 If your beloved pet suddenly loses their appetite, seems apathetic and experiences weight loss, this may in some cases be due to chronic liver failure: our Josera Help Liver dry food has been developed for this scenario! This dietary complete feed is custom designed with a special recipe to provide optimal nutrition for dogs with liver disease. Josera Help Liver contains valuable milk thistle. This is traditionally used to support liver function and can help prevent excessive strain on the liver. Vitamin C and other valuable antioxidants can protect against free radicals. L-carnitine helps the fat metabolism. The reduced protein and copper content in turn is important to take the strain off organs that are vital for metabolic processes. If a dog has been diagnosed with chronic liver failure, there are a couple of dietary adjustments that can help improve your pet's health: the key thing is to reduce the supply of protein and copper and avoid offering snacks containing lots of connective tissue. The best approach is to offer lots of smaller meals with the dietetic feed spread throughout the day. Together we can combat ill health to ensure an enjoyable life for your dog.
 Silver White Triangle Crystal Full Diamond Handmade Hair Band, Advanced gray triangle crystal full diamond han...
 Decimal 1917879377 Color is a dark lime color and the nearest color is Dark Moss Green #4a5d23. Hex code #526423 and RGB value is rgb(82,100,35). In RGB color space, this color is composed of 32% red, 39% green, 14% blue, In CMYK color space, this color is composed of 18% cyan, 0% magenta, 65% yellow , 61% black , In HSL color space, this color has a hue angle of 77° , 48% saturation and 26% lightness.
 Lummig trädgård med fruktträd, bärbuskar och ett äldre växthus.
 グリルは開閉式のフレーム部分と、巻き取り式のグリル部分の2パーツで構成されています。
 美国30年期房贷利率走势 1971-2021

══════

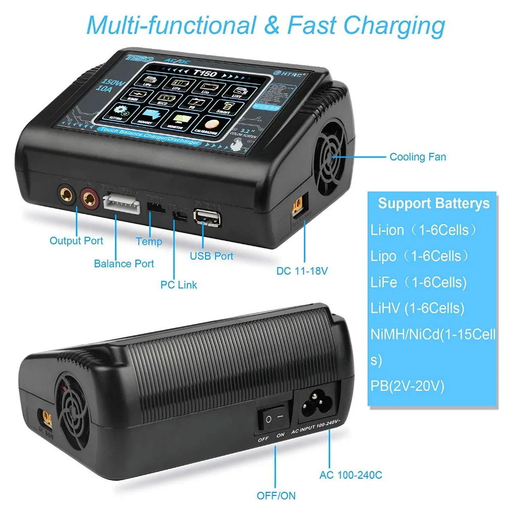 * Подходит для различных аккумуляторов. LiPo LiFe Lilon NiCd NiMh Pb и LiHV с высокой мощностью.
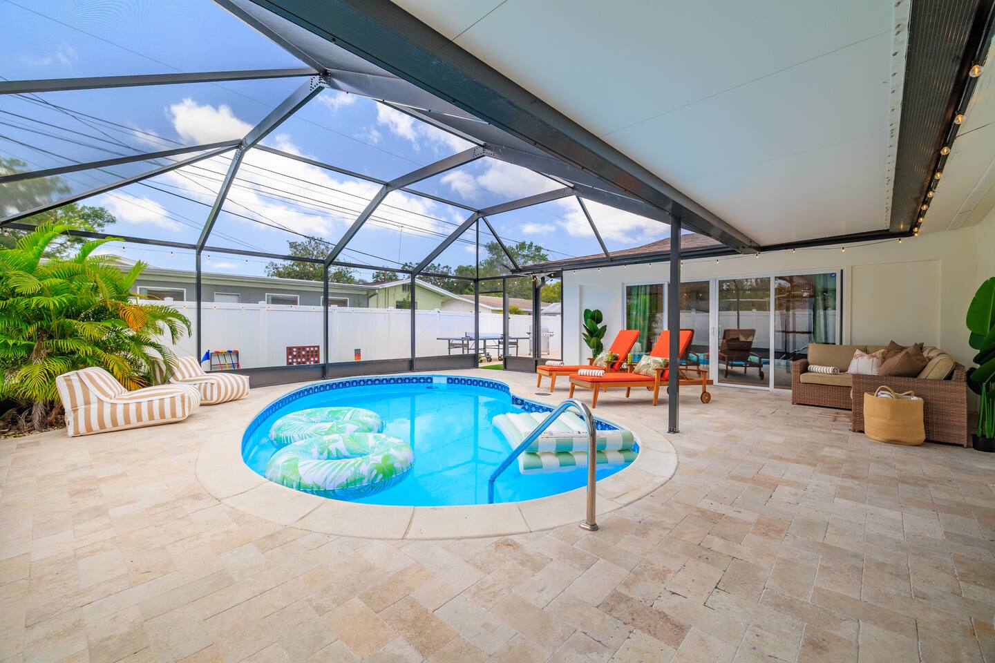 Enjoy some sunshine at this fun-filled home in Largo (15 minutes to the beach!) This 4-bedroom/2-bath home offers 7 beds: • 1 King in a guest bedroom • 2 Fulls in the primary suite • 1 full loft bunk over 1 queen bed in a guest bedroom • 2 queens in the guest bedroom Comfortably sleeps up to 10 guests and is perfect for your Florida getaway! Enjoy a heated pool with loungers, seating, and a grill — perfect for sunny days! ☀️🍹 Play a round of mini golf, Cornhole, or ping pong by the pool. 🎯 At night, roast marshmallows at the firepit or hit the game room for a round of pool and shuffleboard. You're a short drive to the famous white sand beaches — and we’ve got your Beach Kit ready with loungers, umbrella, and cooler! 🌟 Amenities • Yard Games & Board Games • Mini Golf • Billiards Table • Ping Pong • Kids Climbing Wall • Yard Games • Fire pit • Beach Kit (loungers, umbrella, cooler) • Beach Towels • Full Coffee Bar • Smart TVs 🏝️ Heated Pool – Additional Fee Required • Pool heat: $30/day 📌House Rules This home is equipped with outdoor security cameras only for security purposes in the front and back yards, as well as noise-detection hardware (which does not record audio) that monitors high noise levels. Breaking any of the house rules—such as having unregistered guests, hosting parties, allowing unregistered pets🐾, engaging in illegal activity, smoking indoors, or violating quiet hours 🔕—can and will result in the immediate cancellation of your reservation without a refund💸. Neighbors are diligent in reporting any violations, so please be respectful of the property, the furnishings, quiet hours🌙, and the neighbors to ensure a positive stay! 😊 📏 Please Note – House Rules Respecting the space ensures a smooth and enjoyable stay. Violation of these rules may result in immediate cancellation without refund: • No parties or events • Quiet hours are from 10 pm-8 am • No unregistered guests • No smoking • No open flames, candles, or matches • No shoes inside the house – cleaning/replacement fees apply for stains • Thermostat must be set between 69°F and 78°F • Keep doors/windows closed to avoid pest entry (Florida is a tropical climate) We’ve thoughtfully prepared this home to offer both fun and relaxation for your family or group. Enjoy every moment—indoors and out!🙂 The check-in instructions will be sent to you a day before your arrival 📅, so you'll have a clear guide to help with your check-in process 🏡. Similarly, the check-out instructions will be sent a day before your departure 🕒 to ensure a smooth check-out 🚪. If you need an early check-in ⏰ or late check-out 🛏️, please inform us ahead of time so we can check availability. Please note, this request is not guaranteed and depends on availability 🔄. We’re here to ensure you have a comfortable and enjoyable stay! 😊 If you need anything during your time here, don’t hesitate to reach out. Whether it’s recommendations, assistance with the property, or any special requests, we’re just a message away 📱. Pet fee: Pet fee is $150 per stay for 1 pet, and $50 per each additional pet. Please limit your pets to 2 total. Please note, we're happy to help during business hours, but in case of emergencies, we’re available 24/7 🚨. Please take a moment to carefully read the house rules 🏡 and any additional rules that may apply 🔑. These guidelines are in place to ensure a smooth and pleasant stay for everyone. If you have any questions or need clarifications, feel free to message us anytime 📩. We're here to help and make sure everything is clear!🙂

══════

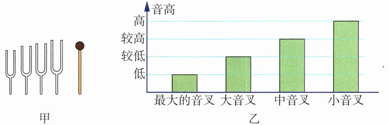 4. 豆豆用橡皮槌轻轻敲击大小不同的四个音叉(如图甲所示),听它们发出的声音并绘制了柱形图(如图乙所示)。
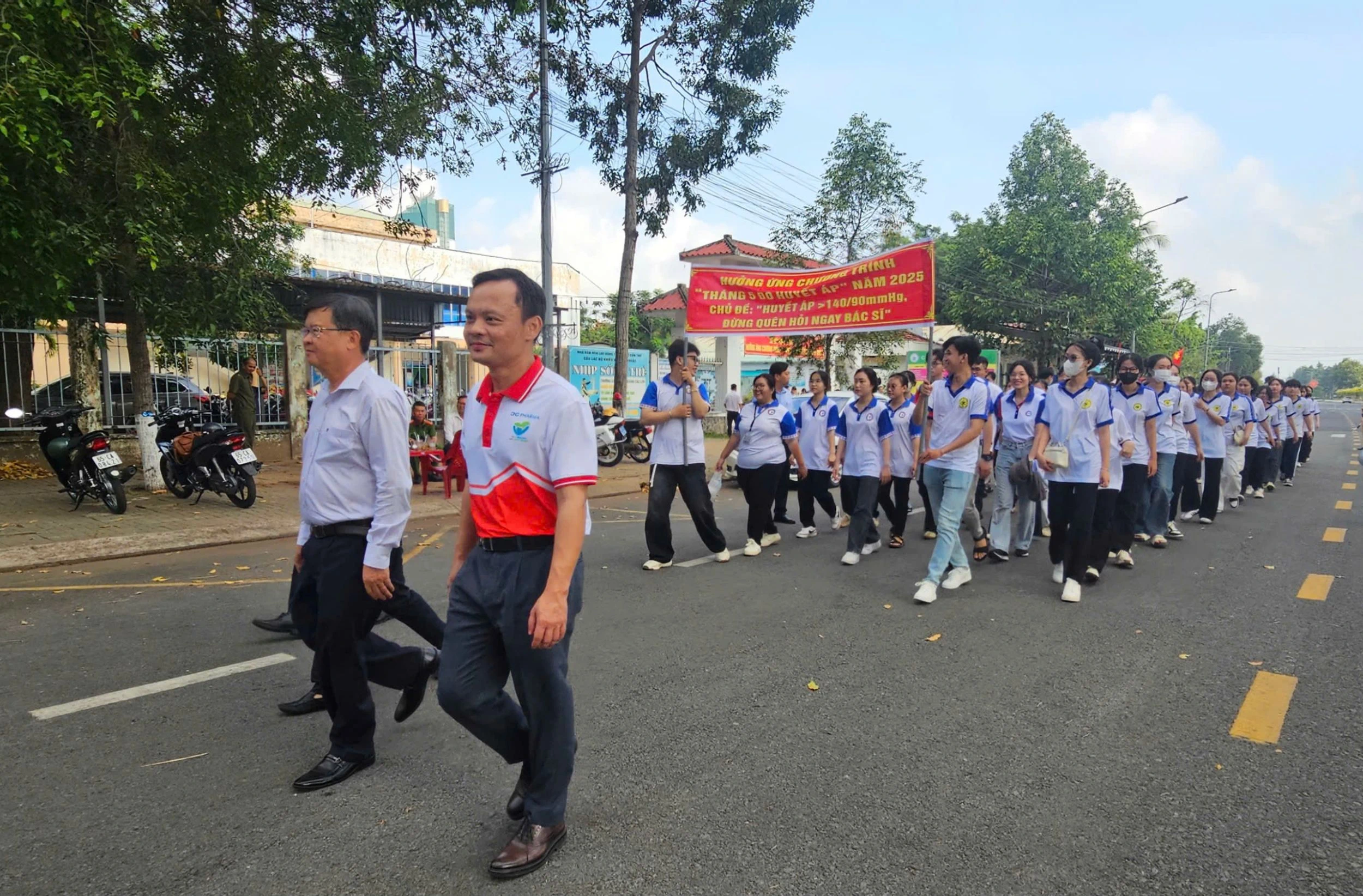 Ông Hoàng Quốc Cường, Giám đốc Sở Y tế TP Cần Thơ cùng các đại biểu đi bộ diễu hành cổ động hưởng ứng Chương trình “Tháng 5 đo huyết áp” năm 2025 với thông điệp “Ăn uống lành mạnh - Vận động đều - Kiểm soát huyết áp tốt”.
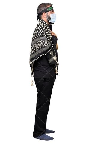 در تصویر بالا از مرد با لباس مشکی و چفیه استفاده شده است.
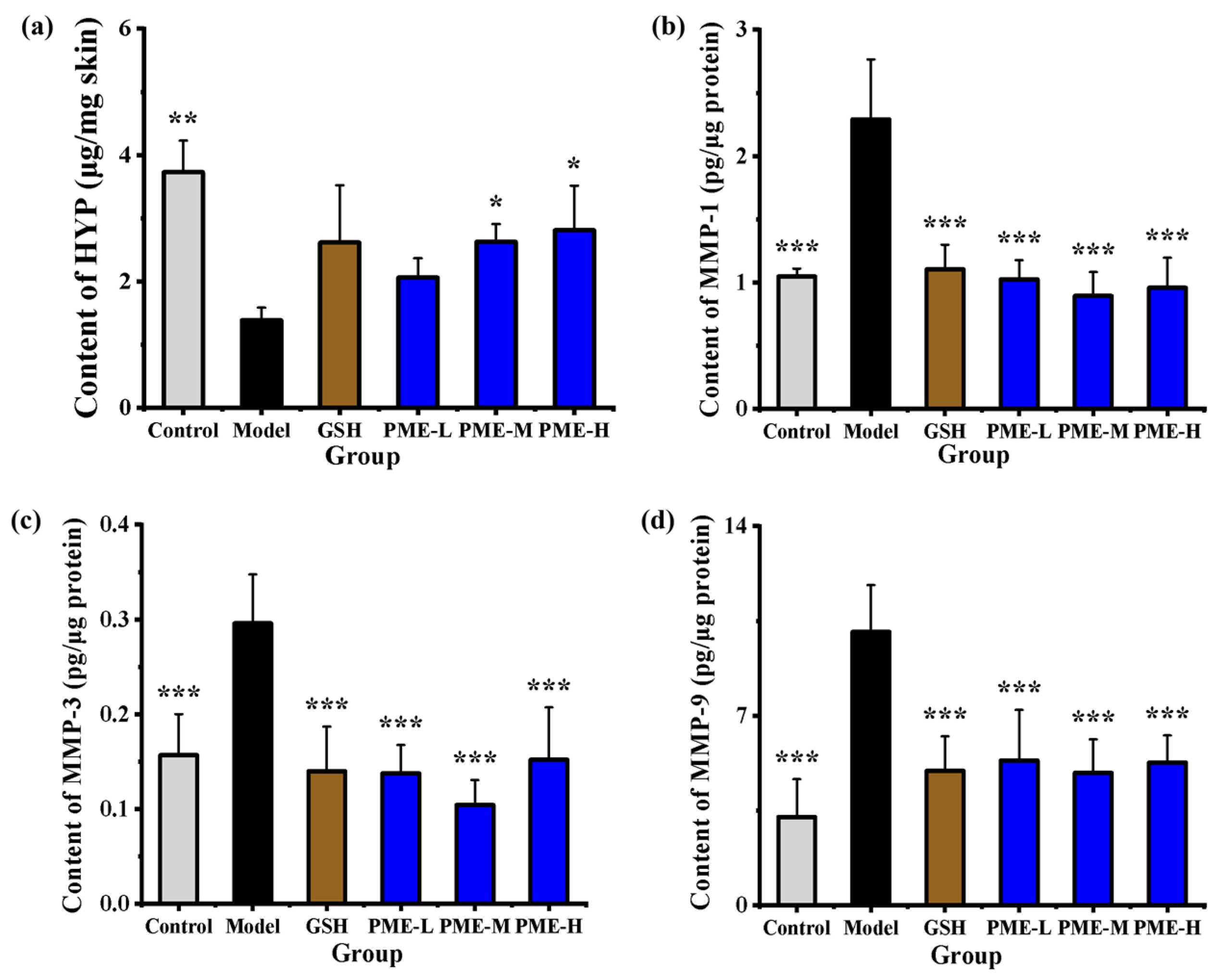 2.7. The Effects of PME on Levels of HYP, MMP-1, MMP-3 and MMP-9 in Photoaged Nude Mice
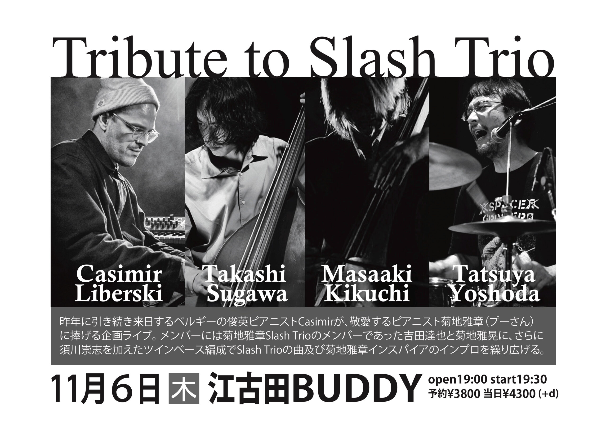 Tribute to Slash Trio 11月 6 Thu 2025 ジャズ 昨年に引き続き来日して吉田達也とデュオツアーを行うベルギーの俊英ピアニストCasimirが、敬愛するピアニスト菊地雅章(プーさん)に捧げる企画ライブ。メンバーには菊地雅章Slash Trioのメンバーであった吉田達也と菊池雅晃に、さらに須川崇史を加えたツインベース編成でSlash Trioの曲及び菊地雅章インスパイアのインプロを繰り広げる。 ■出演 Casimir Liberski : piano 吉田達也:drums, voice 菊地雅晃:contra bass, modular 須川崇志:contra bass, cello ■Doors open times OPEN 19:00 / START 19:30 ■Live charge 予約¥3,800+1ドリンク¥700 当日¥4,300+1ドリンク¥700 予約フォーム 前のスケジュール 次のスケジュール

══════

For this exercise, transcribe exactly the part of the records above that opens with the line containing "4. 豆豆用橡皮槌轻轻敲击大" and closes with the one containing "Tribute to Slash". Pictures are not part of the copy.

» **RESPONSE**:
 4. 豆豆用橡皮槌轻轻敲击大小不同的四个音叉(如图甲所示),听它们发出的声音并绘制了柱形图(如图乙所示)。
 Ông Hoàng Quốc Cường, Giám đốc Sở Y tế TP Cần Thơ cùng các đại biểu đi bộ diễu hành cổ động hưởng ứng Chương trình “Tháng 5 đo huyết áp” năm 2025 với thông điệp “Ăn uống lành mạnh - Vận động đều - Kiểm soát huyết áp tốt”.
 در تصویر بالا از مرد با لباس مشکی و چفیه استفاده شده است.
 2.7. The Effects of PME on Levels of HYP, MMP-1, MMP-3 and MMP-9 in Photoaged Nude Mice
 Tribute to Slash Trio 11月 6 Thu 2025 ジャズ 昨年に引き続き来日して吉田達也とデュオツアーを行うベルギーの俊英ピアニストCasimirが、敬愛するピアニスト菊地雅章(プーさん)に捧げる企画ライブ。メンバーには菊地雅章Slash Trioのメンバーであった吉田達也と菊池雅晃に、さらに須川崇史を加えたツインベース編成でSlash Trioの曲及び菊地雅章インスパイアのインプロを繰り広げる。 ■出演 Casimir Liberski : piano 吉田達也:drums, voice 菊地雅晃:contra bass, modular 須川崇志:contra bass, cello ■Doors open times OPEN 19:00 / START 19:30 ■Live charge 予約¥3,800+1ドリンク¥700 当日¥4,300+1ドリンク¥700 予約フォーム 前のスケジュール 次のスケジュール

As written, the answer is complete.